Abstract

Hypercholesterolemia with increased LDL-C levels is associated with higher risk of coronary artery disease (CAD). However, over 50% of patients with CAD do not present with increased plasma LDL-C, but their lipoprotein profile is rather characterized by qualitative lipoprotein abnormalities such as LDL particles that are small, dense and more atherogenic, mild hypertriglyceridemia and low HDL-C, particularly HDL2-C. This lipoprotein profile is often found in patients with insulin resistance and increased intra-abdominal adipose tissue, hallmarks of the plurimetabolic syndrome. Smaller, denser LDL particles are more susceptible to oxidative modifications. Oxidized LDL are potent inflammatory agents when they reach the sub-endothelial space. In addition, low levels of HDL2-C may be a marker of an impaired reverse cholesterol transport. Indeed, this lipid profile is associated with a three- to six-fold increased risk of both cardiovascular and cerebrovascular disease.

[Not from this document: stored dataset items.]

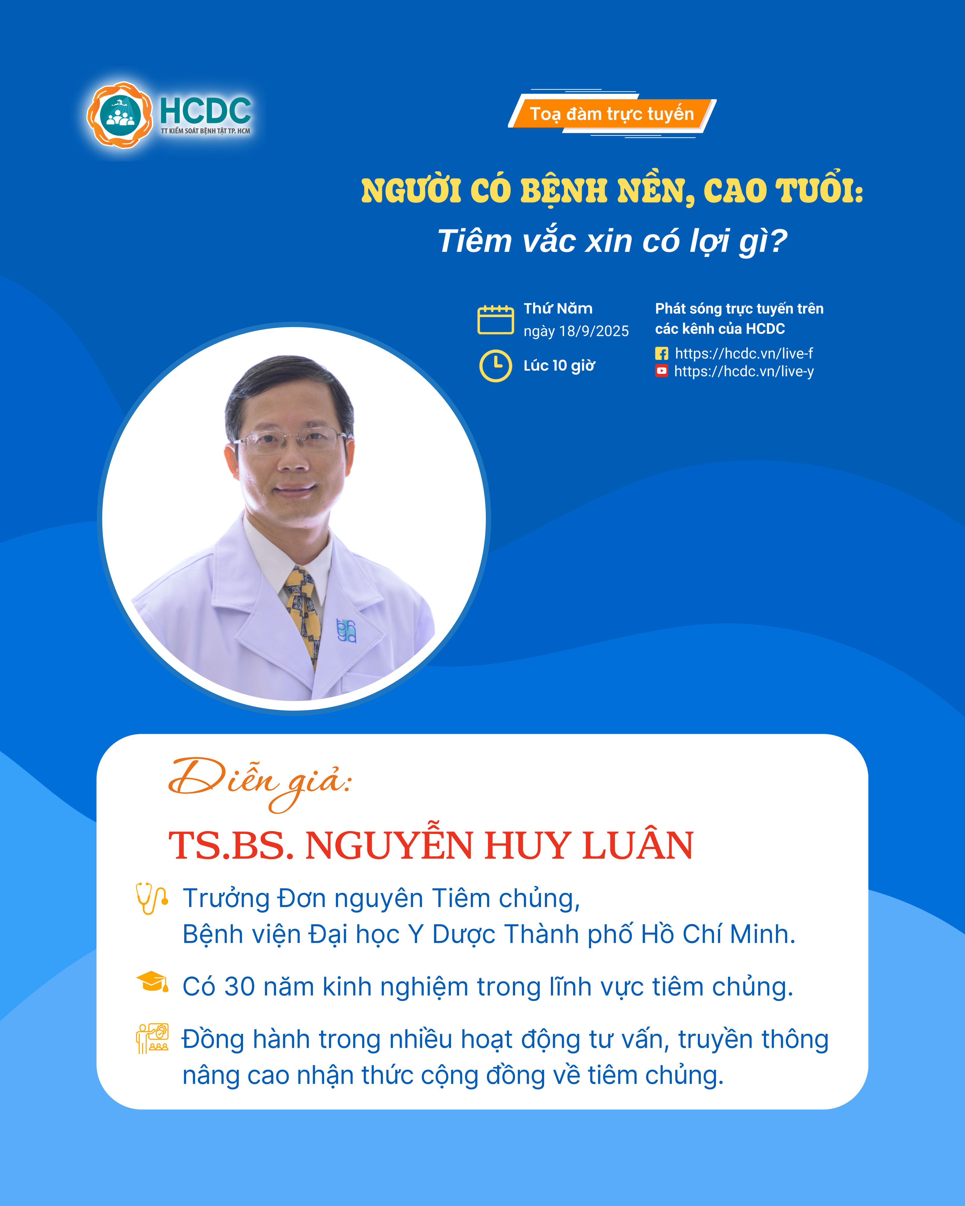 Để giải đáp những lo lắng này, tọa đàm trực tuyến “Người có bệnh nền, cao tuổi: Tiêm vắc xin có lợi gì?” do Trung tâm Kiểm soát bệnh tật Thành phố Hồ Chí Minh (HCDC) tổ chức vinh dự có sự đồng hành của TS. BS. Nguyễn Huy Luân - Trưởng Đơn nguyên Tiêm chủng, Bệnh viện Đại học Y Dược Thành phố Hồ Chí Minh. Với kinh nghiệm dày dặn, bác sĩ sẽ mang đến những phân tích rõ ràng, dễ hiểu về lý do nhóm nguy cơ cần được ưu tiên tiêm chủng, đồng thời chia sẻ cách đảm bảo an toàn trong từng bước trước, trong và sau tiêm. Những lời khuyên thiết thực từ bác sĩ chắc chắn sẽ giúp các gia đình thêm vững tin trên hành trình bảo vệ sức khỏe người thân.
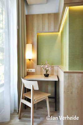 日本の伝統とモダンさが巧みにマッチした上品な客室や椅子とテーブルなどの家具は、新進気鋭のインテリアデザイナー、ジュン・ゴブロン氏(Jun Gobron)作だ。
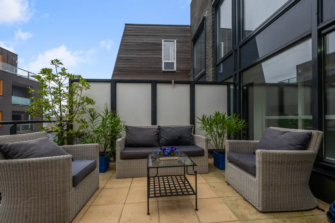 • Een heerlijk zonnig dakterras op het Westen waar je tot in de avond van de zon geniet
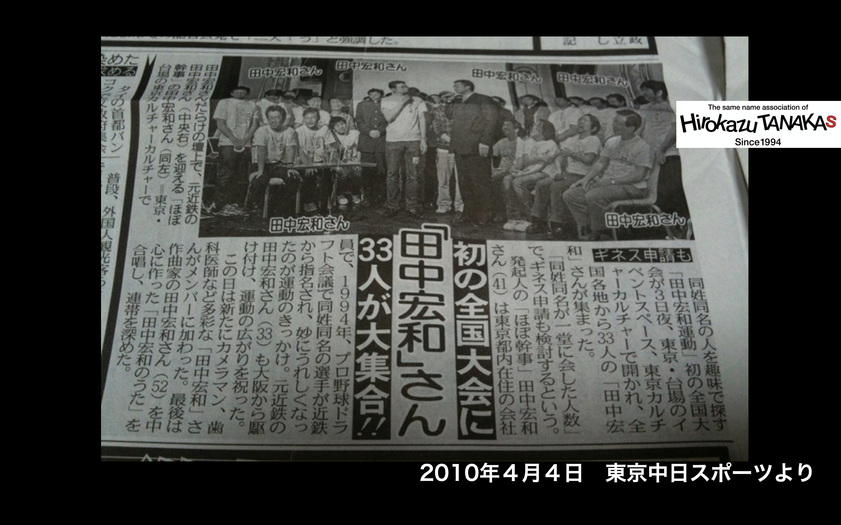 さらに当時はお台場の東京カルチャーカルチャーというイベントスペースの横山シンスケ店長から「田中宏和の同姓同名イベントをしませんか」とのお誘いを受けました。そんなものが成立するのだろうかと半信半疑で引き受け、「田中宏和運動全国大会2010」を開催。蓋を開けてみれば、33人の田中宏和さんが全国から集まり、田中宏和さん以外のお客さんも来場、メディアの取材も入るイベントとなりました。週明けの朝の情報番組で、みのもんたさんがイベントを紹介する新聞記事にツッコミを入れてました。この結果を受け、横山店長からの「これはギネス記録になるんじゃないですか?」との建設的なご意見を真に受け、ロンドンのギネスワールドレコーズの本部に照会しましたところ、「これまでに無い記録カテゴリーなので、同姓同名の集まりを新設して、最低50名以上集まったらギネス世界記録認定しましょう」という返事を受け取ったのです。

It is interesting to notice that patients with small, dense LDL and low HDL2-C are particularly susceptible to CAD improvement when treated with an aggressive lipid-lowering therapy. Changes in LDL density with therapy, mediated by a decrease in hepatic lipase (HL) activity, a key enzyme in LDL and HDL metabolism, account, at least partly, for this increased susceptibility to CAD clinical improvement seen in patients with a lipid profile peculiar of the plurimetabolic syndrome. A common polymorphism in the promoter region of the HL gene (−514 C–T) appears to predict CAD regression by modulating the effect of lipid-lowering therapy on HL activity and thereby on LDL and HDL density. Lipid-lowering therapy with fibrates results in increased HDL-C and HDL2-C and a significant improvement in both LDL and HDL size and density.